Suppose you're the verifier. You know only the Merkle root. Someone else, the prover, has the whole tree and wants to convince you that item D is one of the leaves. How few hashes do they need to send you, and how can you check?
The answer is they send you a single sequence of hashes called a Merkle proof. For D in our 8-leaf tree, the proof is exactly three hashes: h(C), h(AB), and h(EF,GH).
The red solid nodes (h(C), h(AB), h(EF,GH)) are the proof: the sibling hashes that the verifier needs but cannot compute on their own. The red dashed nodes show what the verifier can compute themselves once they have D and the proof.
The verification:
- The verifier knows
D(the item being proved) and the root (already trusted). They receive the proof: three hashes. - They compute
h(D)themselves fromD. - They concatenate
h(C)from the proof with their ownh(D)and hash the result, producingh(CD). - They concatenate
h(AB)from the proof withh(CD)and hash again, producingh(AB,CD). - They concatenate
h(AB,CD)withh(EF,GH)from the proof and hash one more time, producing a value. - If that final value equals the root they already trusted,
Dis in the set. If it doesn't,Dis not in the set (or the proof is forged).
Three hashes from the prover, three hash operations on the verifier's side. The other five leaves and their hashes never appear. For a tree with 1,000 leaves, the proof would be 10 hashes. For a tree with one billion leaves, the proof would still only be 30 hashes. That logarithmic scaling is the entire trick.
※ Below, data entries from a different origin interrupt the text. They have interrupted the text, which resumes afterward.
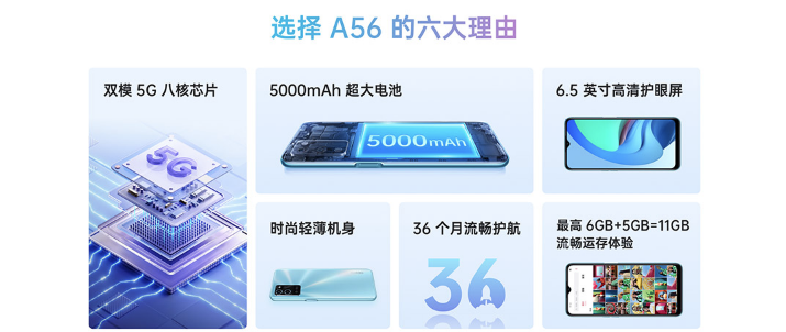 1499 元,OPPO A56 发布:搭载天玑 700 芯片、5000mAh 大电池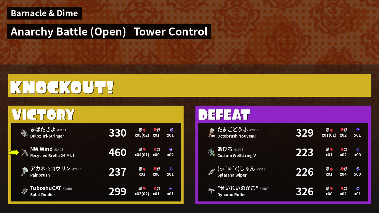 | Mode | Tower Control - Anarchy Battle (Open) | ||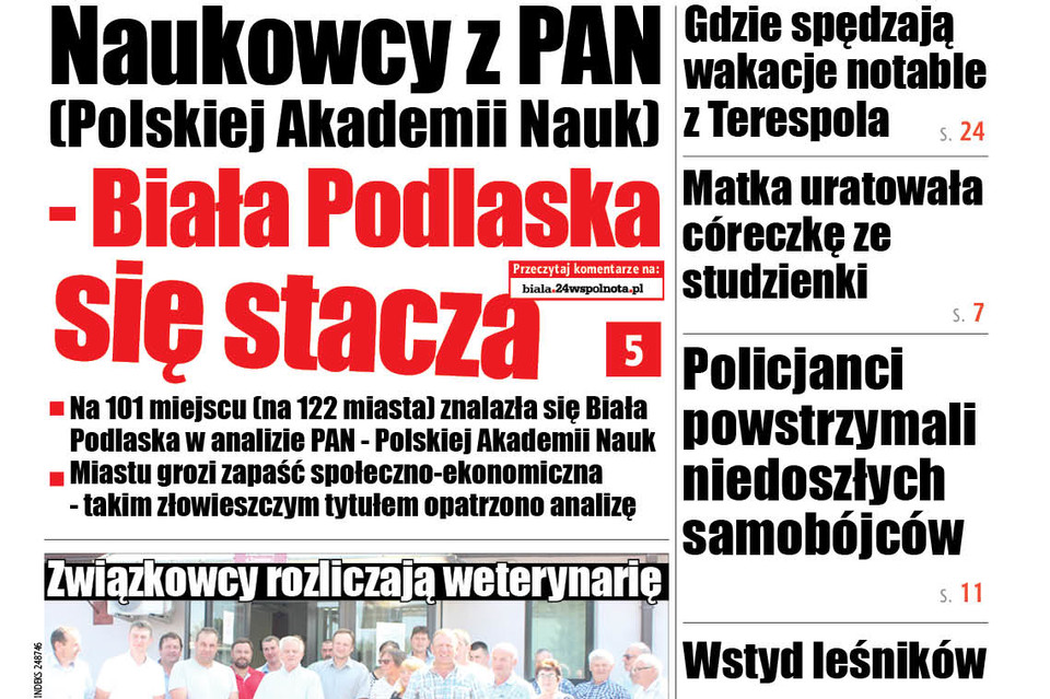 Polska Agencja Prasowa ogłosiła analizę opracowaną przez Instytutu Geografii i Przestrzennego Zagospodarowania PAN, opatrując ją złowieszczym tytułem "122 miastom grozi zapaść społeczno-ekonomiczna". W rankingu przygotowanym przez naukowców znalazła się Biała Podlaska. Na 101. pozycji w grupie "utrata funkcji-niekorzystna sytuacja społeczno-gospodarcza", zaczynającej się od miejsca 85. Wyżej w całym zestawieniu są Chełm i Zamość. Zajmują odpowiednio 12. i 14. miejsce i zakwalifikowano je do najgorszej kategorii "silna utrata funkcji, mocno niekorzystna sytuacja społeczno-ekonomiczna". Byłe miasta wojewódzkie wciąż odczuwają skutku degradacji - utraty przywilejów i funkcji przewodzenia w swoich mikroregionach oraz coraz mocniej zauważalne są wyludnianie i odpływ młodych wykształconych mieszkańców do dużych miast. W rankingu są mniejsze miasta Lubelszczyzny jak Tomaszów Lubelski, Krasnystaw, Biłgoraj, Hrubieszów, a z naszych okolic Radzyń Podlaski. Nie ma natomiast Międzyrzeca Podlaskiego.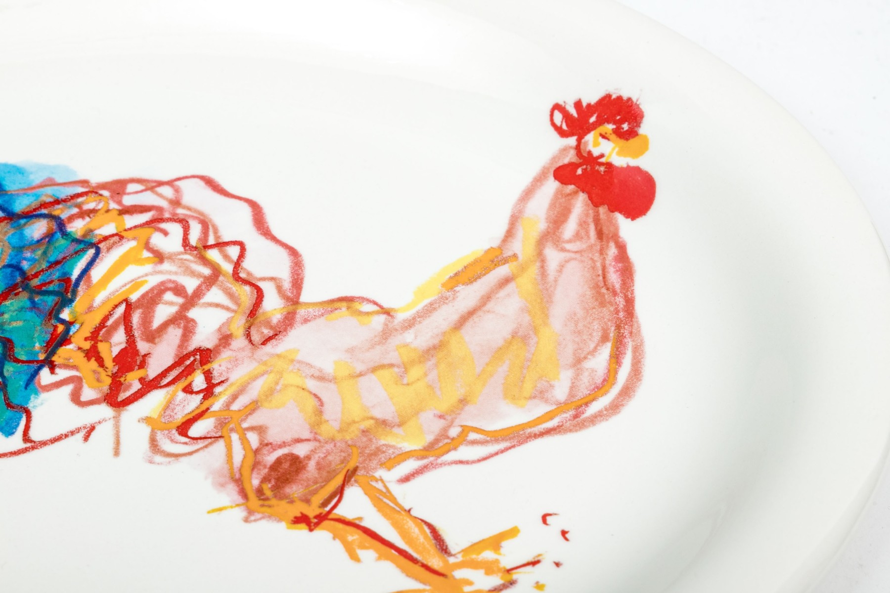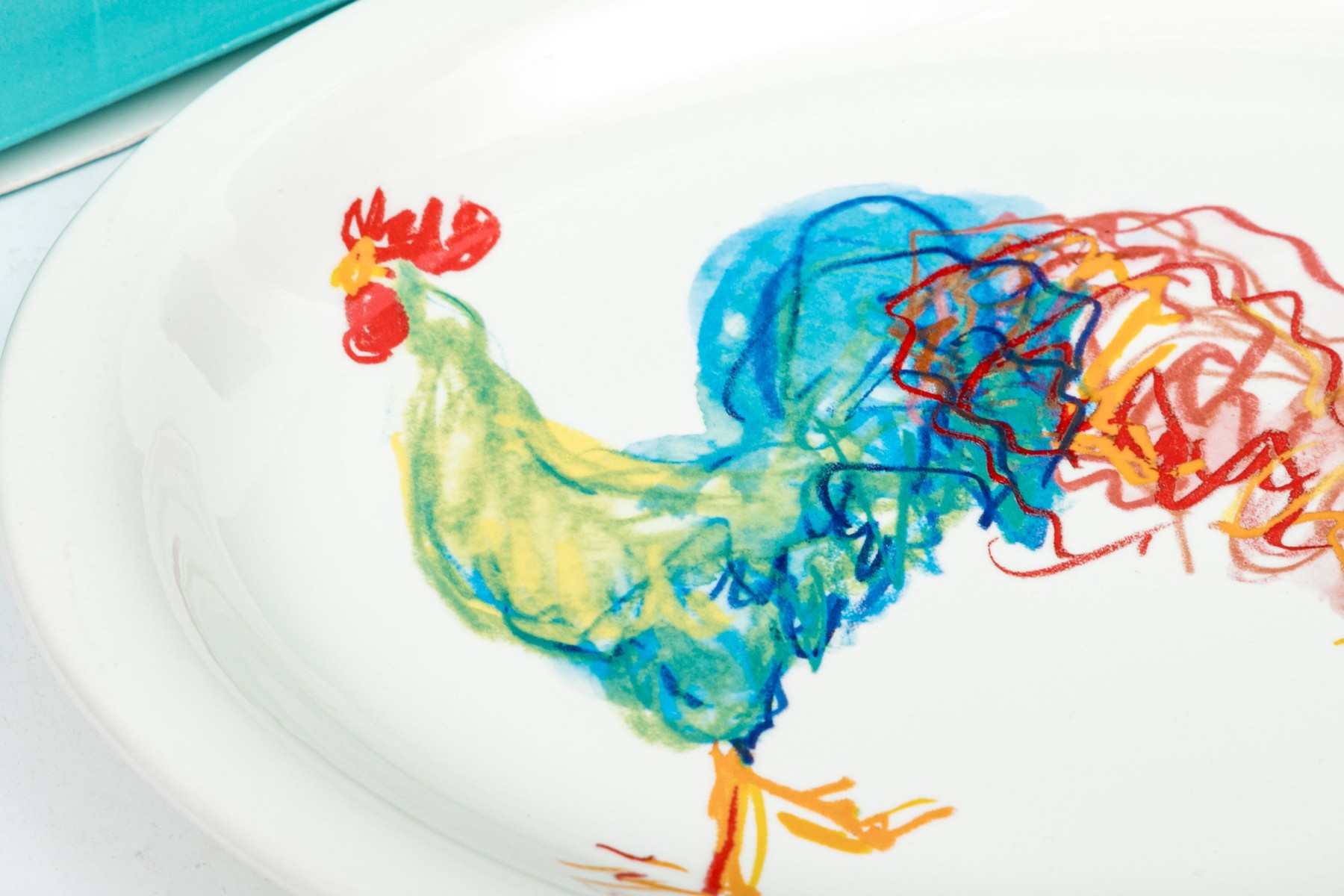 Made in England, 1998. An oval platter with two polychrome roosters.

The verifier doesn't need to trust the prover. The hash function is doing the trust work: if the prover sends a wrong sibling hash, the final computed value won't match the root, and the proof fails. If the prover lies about which item they're proving (claims D was in the set when it wasn't), they can't construct a sequence of hashes that mathematically rolls up to the trusted root without breaking the hash function itself.
Why this matters for blockchains
A blockchain is going to need a way to commit to large amounts of data, often thousands of items at a time, using a single short value. The reason is bandwidth and storage: not every participant in the network can afford to download everything. They need a way to ask "is my piece in there?" and get a cheap, verifiable yes-or-no answer.
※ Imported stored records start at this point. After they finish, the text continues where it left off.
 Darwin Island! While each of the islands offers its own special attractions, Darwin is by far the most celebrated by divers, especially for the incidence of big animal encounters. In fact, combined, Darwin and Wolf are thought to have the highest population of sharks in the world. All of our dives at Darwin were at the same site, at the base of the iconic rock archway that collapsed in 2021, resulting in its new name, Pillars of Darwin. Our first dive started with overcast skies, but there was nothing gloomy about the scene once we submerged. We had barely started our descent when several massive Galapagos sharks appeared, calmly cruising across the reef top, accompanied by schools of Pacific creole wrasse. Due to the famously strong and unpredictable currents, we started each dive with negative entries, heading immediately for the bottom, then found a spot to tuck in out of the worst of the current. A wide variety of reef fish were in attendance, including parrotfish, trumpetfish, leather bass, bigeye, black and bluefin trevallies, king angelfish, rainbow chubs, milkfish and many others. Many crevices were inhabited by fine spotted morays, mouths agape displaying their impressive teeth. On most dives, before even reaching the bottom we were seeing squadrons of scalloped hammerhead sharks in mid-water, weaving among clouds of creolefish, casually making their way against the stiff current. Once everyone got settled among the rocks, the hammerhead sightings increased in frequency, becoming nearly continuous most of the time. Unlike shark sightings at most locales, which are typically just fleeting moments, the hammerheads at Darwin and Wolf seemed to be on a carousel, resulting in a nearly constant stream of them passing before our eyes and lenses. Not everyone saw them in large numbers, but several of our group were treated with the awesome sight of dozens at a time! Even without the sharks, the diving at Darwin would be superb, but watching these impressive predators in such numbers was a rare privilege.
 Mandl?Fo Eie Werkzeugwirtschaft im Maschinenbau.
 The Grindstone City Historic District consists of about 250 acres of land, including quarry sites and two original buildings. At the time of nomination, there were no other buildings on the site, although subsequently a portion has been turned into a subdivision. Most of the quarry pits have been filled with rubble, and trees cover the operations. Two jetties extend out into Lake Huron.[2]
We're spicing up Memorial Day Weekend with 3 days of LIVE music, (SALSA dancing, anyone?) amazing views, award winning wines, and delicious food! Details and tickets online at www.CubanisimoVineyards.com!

The Merkle tree is exactly the structure that solves this. The chain summarises a large collection of data with a single root hash. Anyone who has that root can later be convinced that one specific item belongs to that collection, with a tiny proof that scales with the depth of the tree rather than the size of the collection. A thousand items, ten hashes to prove inclusion. A billion items, thirty hashes. The size of the proof grows almost not at all.
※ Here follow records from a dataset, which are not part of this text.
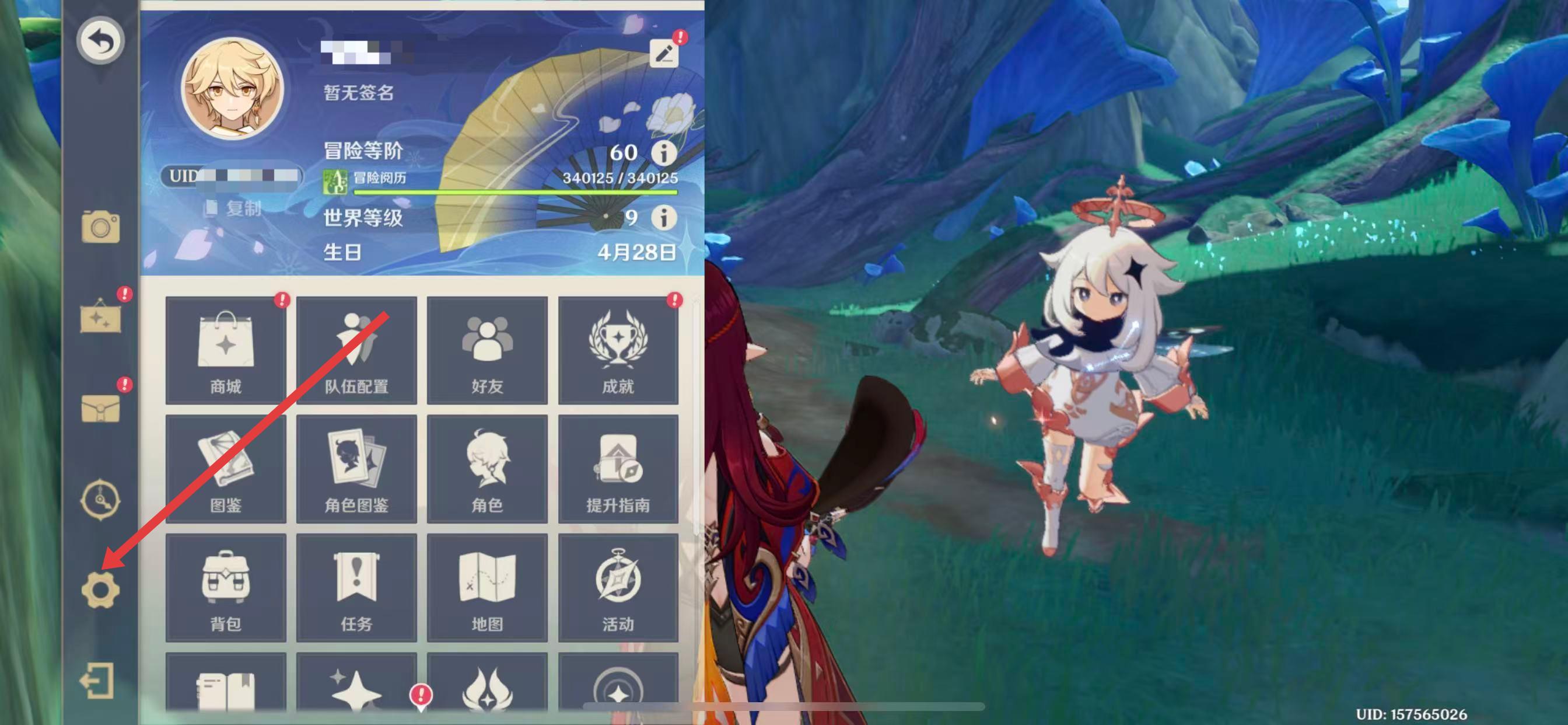 1、点击游戏界面左上角派蒙头像,打开游戏菜单。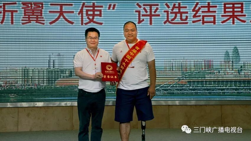 首届中国“十大折翼天使”获奖者代表庞宝龙上台领奖。
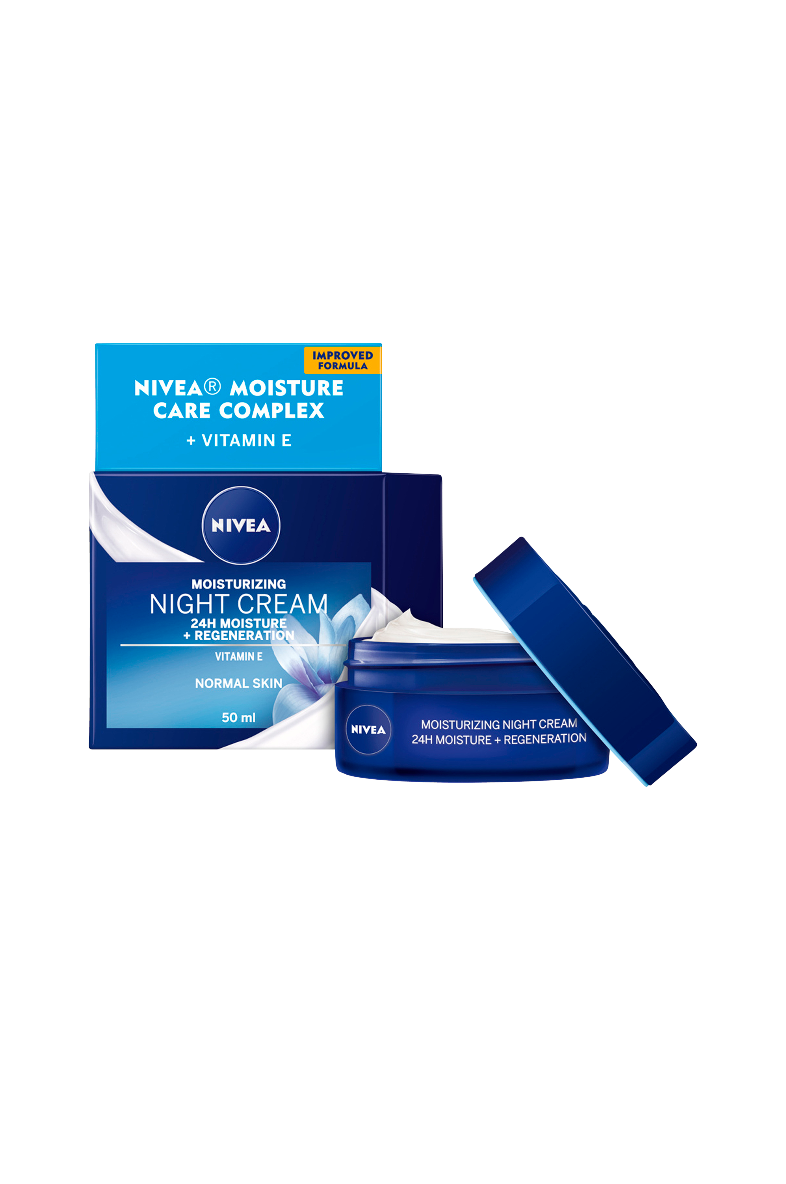 Nivea Moisturizing Night Cream fugter intensivt din hud i 24 timer og balancerer hudens eget fugtniveau. Formlen med NIVEA Moisture Care Complex, E-vitamin og Provitamin B5 er fugtgivende og absorberes hurtigt af huden. Cremen indeholder også lotusekstrakt og antioxidanter som beskytter huden mod oxidativ stress og opbygning af frie radikaler. Dermatologisk testet.

You don't need to memorise where exactly this shows up yet. The Bitcoin module will show you the first one: a single 32-byte value sitting inside every block that summarises every transaction inside it. From there, the same primitive turns up in cross-chain communication, in scaling protocols, in lightweight wallet designs, and in many other places the rest of the course will visit. The pattern to recognise: wherever a system needs to commit to a large set with a small hash and prove individual membership efficiently, there's a Merkle tree underneath.